Let me point out that many of these Investment banks have pleaded the equivalent of no contest to charges that would put a normal human being like you or I in prison for millions and millions of years. Yet, there they are at the heart of our government cutting a new set of deals making the world safe for financial speculation of the American kind.
If Obama had pursued criminal prosecutions against the banks in the aftermath of the financial disaster of 2007, their political power might very well have been broken as they were in the aftermath of the Great Depression. Instead for many years to come they will play politicians against each other like chess pieces on a board while preying on the poor and the middle class. Obama’s failure to pursue justice against the malefactors who came within an ace of destroying our economy is his greatest failure.

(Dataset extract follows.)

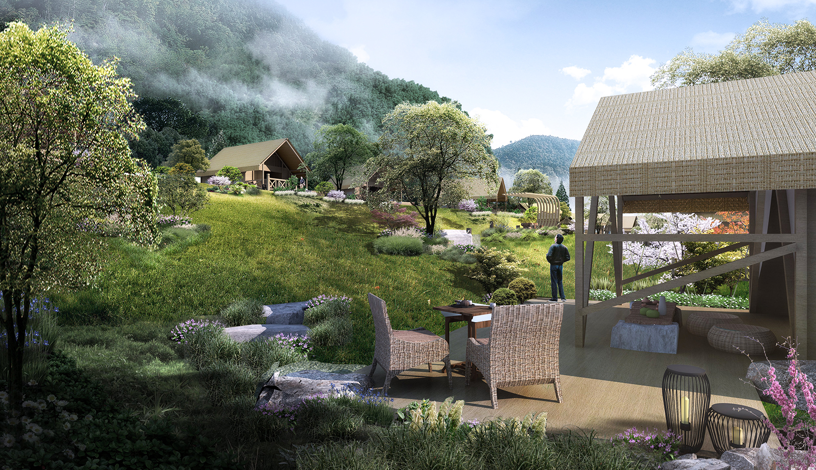 景觀設計從野奢度假酒店的“野”和“奢”兩字入手,融入荒野生態(tài)的設計理念,又要與場地相融合、與原生態(tài)相映、與當?shù)氐拿袼罪L情相交匯,突出當?shù)氐奈幕黝},強調(diào)高品質(zhì)的自然、野奢度假,從而打造出一個具備個性與特色,使游客能夠享受到自然野趣體驗的景觀環(huán)境。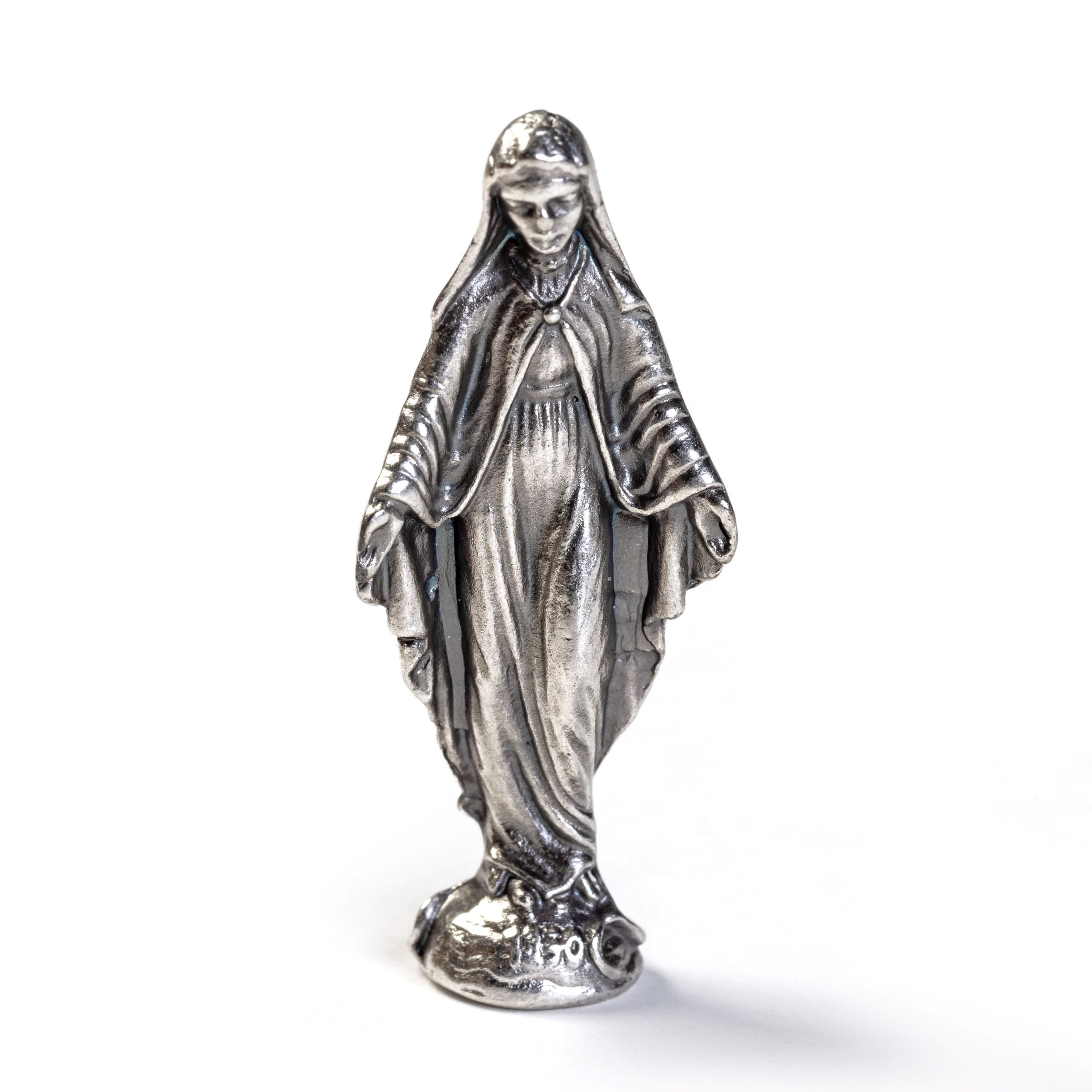Möchten Sie die Gegenwart und den Schutz der Segen Marias mit sich führen, wenn Sie unterwegs sind oder auf einer Pilgerreise sind? Sie können diese silberfarbene Marienstatue im Reiseformat überall und jederzeit mitnehmen.

4 thoughts on “The Real Continuity Edition”
The financial recession was not the first rodeo for banks that committed financial fraud. Most people have forgotten but in the 1990s savings and loan institutions (remember them?) failed in record numbers because of risky loans to customers with little or no tangible collateral to back up the loans. Yes, there was a housing bubble. And, yes, few leaders of these institutions paid for their crimes. The banking industry will continue to create bubbles because of avarice and an ethical blindness to what their public responsibilities are.
You would have thought that the wave of de-regulation might ought to have slowed down after the S&L’s failure but apparently caution is for people like us.
A good, concise breakdown of at least one Obama’s failures. I find it difficult to determine what might be his “greatest failure”. I sometimes like to generalize about his overall dishonesty, which he revealed even before he was first elected. As a Senator, during his 2008 campaign, he guaranteed he would never support a FISA bill that granted retroactive immunity to law-breaking telecommunications corporations who conspired with the Bush/Cheney regime. From there, it was one deception after another, some as obvious, others less obvious without more digging and research. 😉
I really believe that future historians will focus on the failure to prosecute the criminals that caused the financial meltdown followed by the failure to rescue the mortgage holders from usually the same banks but since prosecuting the banks would have stopped the illegal foreclosures in their tracks – that will still be number one. I remember with great disappointment the FISA bill as well. I’ve always thught that Rahn Emanual was not out of the ordinary but much more of how Obama really felt about things sans the nonsensical eloquence.